Attention
προσοχή (prosochè) / sati / νῆψις (nēpsis)
Da Simone Weil, l'attenzione non è uno sforzo di concentrazione, ma il suo contrario: la sospensione del pensiero, che si rende disponibile, vuoto, pronto a ricevere l'oggetto. Non si cerca, si attende; non si afferra, si accoglie. Al suo grado più alto — *«assolutamente senza mescolanza»* — diventa preghiera. Una stessa parola racchiude tuttavia gesti opposti a seconda delle tradizioni: tensione vigile dello stoico, presenza nuda del buddhista, accoglienza del vuoto in Weil.
L’attention absolument sans mélange est prière.
Ecco la traduzione in italiano idiomatico, mantenendo la formattazione Markdown e gli elementi richiesti:
La parola che Weil rovescia è effort. La vera attenzione, per lei, non si conquista stringendo i denti. « Modo sbagliato di cercare: attenzione incollata a un problema », scrive; l’accanirsi nel trovare non è che orrore del vuoto travestito. L’attenzione giusta è negativa: sospende il pensiero, lo tiene in sospeso, disponibile, e non impone nulla all’oggetto. Non si assale il reale, lo si lascia venire. È per questo che è fatta della stessa stoffa dell’attesa — un vuoto abitato, non una presa.

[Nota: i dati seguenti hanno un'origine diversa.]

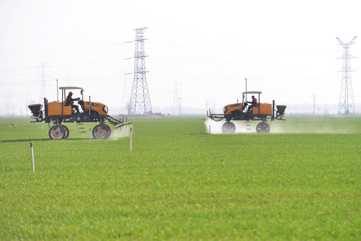 河北省晋州市槐树镇北白水村一家农业合作社的社员操作农业机械给冬小麦喷洒农药(2023年3月14日摄)。新华社记者 杨世尧 摄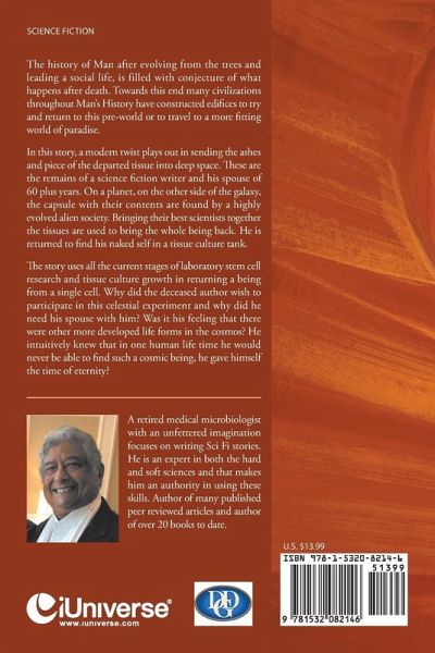 The history of Man after evolving from the trees and leading a social life, is filled with conjecture of what happens after death. Towards this end many civilizations throughout Man's History have constructed edifices to try and return to this pre-world or to travel to a more fitting world of paradise. In this story, a modern twist plays out in sending the ashes and piece of the departed tissue into deep space. These are the remains of a science fiction writer and his spouse of 60 plus years. On a planet, on the other side of the galaxy, the capsule with their contents are found by a highly evolved alien society. Bringing their best scientists together the tissues are used to bring the whole being back. He is returned to find his naked self in a tissue culture tank. The story uses all the current stages of laboratory stem cell research and tissue culture growth in returning a being from a single cell. Why did the deceased author wish to participate in this celestial experiment and why did he need his spouse with him? Was it his feeling that there were other more developed life forms in the cosmos? He intuitively knew that in one human life time he would never be able to find such a cosmic being, he gave himself the time of eternity?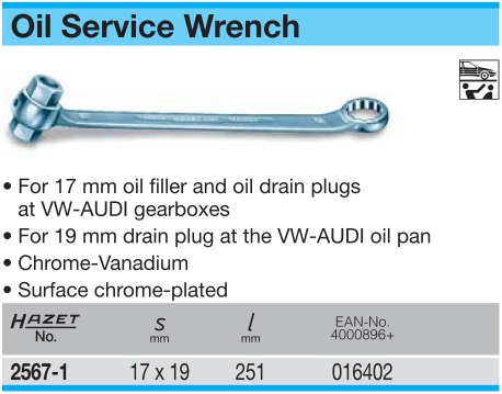 Ключ для обслуживания масленых систем 17х19 HAZET 2567-1 купить в Вологде и других городах России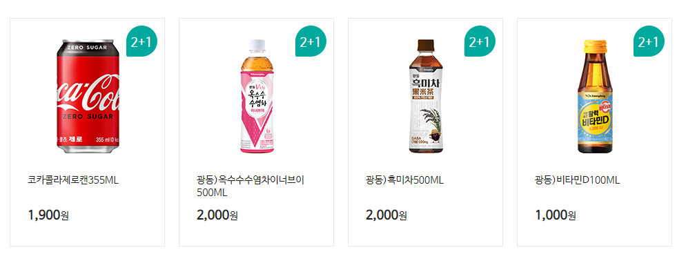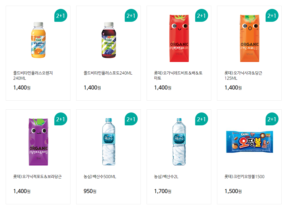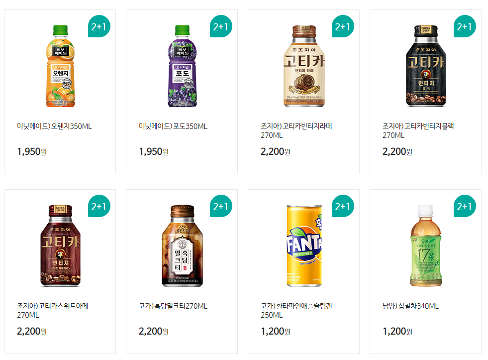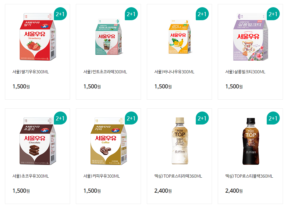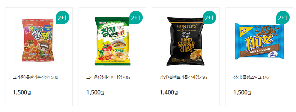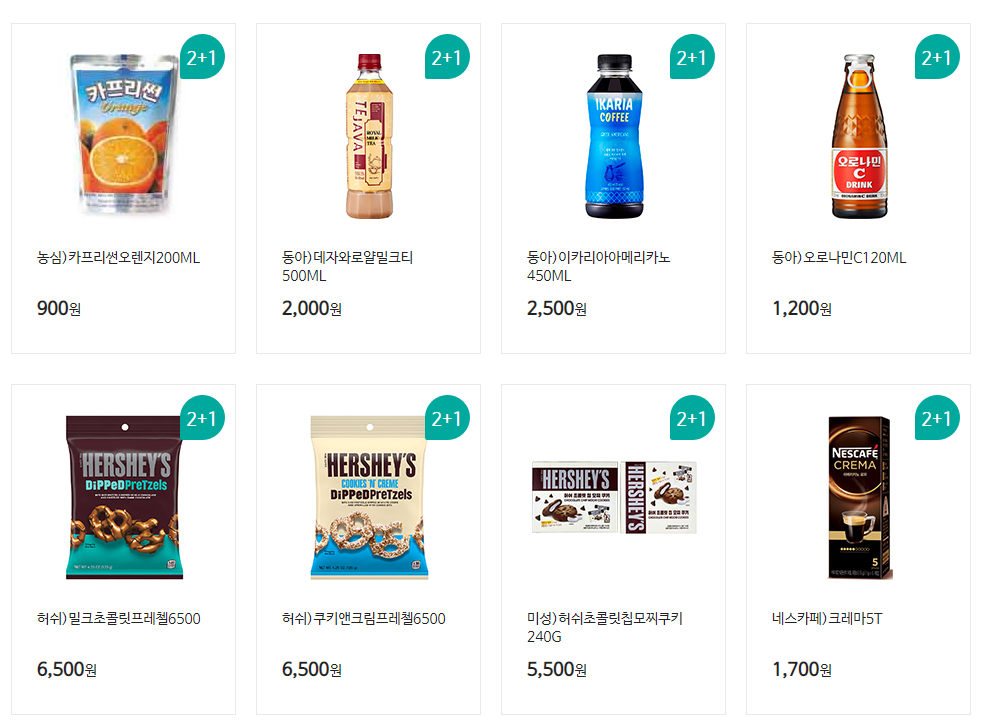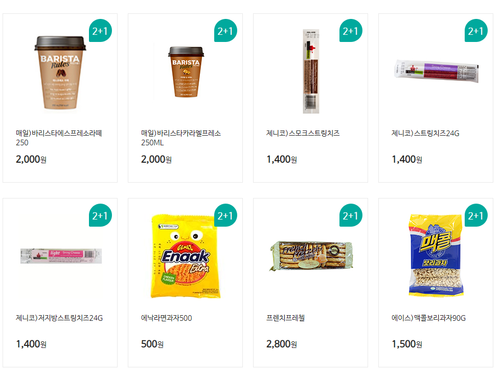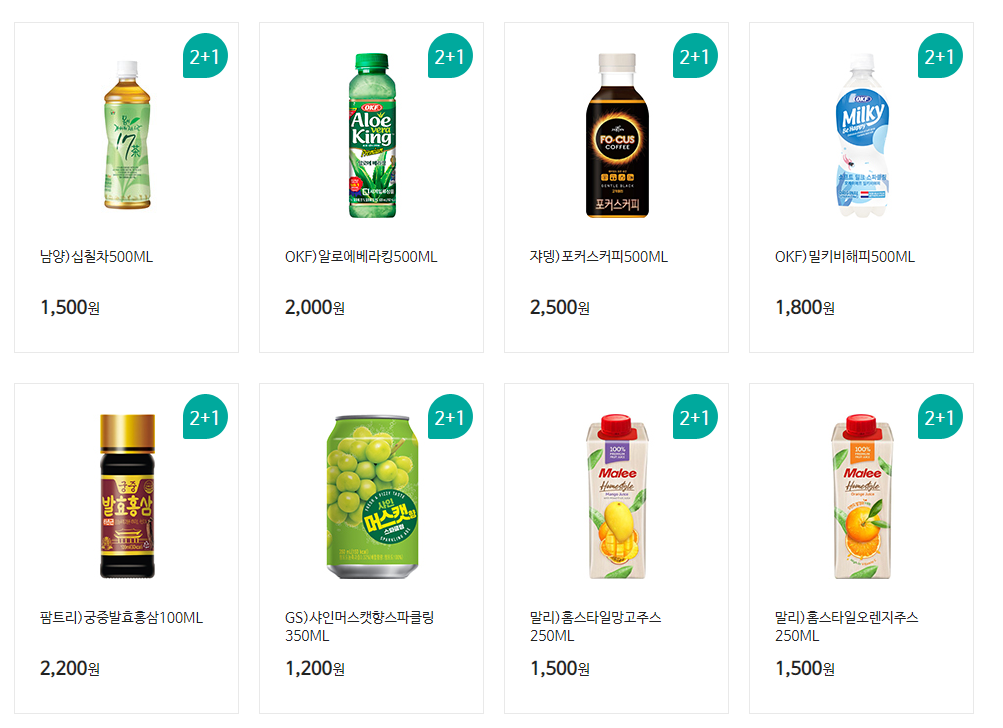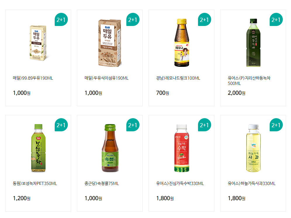 더 많은 2+1 상품(음료, 간식 종류만)은 아래 클릭

Da qui il salto: spinta al suo culmine, senza alcuna mescolanza di avidità né di scopo, questa pura disponibilità coincide con la preghiera. Non che si preghi in aggiunta all’essere attenti: l’attenzione assoluta è già l’atto religioso, perché ha smesso di volere e si è consegnata interamente a ciò che si offre.

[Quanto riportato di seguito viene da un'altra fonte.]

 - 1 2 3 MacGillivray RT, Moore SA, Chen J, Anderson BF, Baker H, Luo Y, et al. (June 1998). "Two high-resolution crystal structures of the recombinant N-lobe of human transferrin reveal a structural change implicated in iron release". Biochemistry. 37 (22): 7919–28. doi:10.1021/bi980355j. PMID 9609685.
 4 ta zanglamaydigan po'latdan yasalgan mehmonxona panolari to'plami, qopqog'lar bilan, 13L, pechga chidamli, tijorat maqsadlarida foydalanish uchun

Da distinguere dalla prosochè stoica, che è tensione del soggetto sui propri giudizi — vigilanza che sorveglia e corregge. E dalla sati buddhista, presenza-memoria che osserva i fenomeni senza afferrarli. La prosochè rettifica, la sati constata, l’attenzione weiliana attende. Tre gesti sotto una stessa parola: la vigilanza si tende, la presenza veglia, l’attenzione si svuota.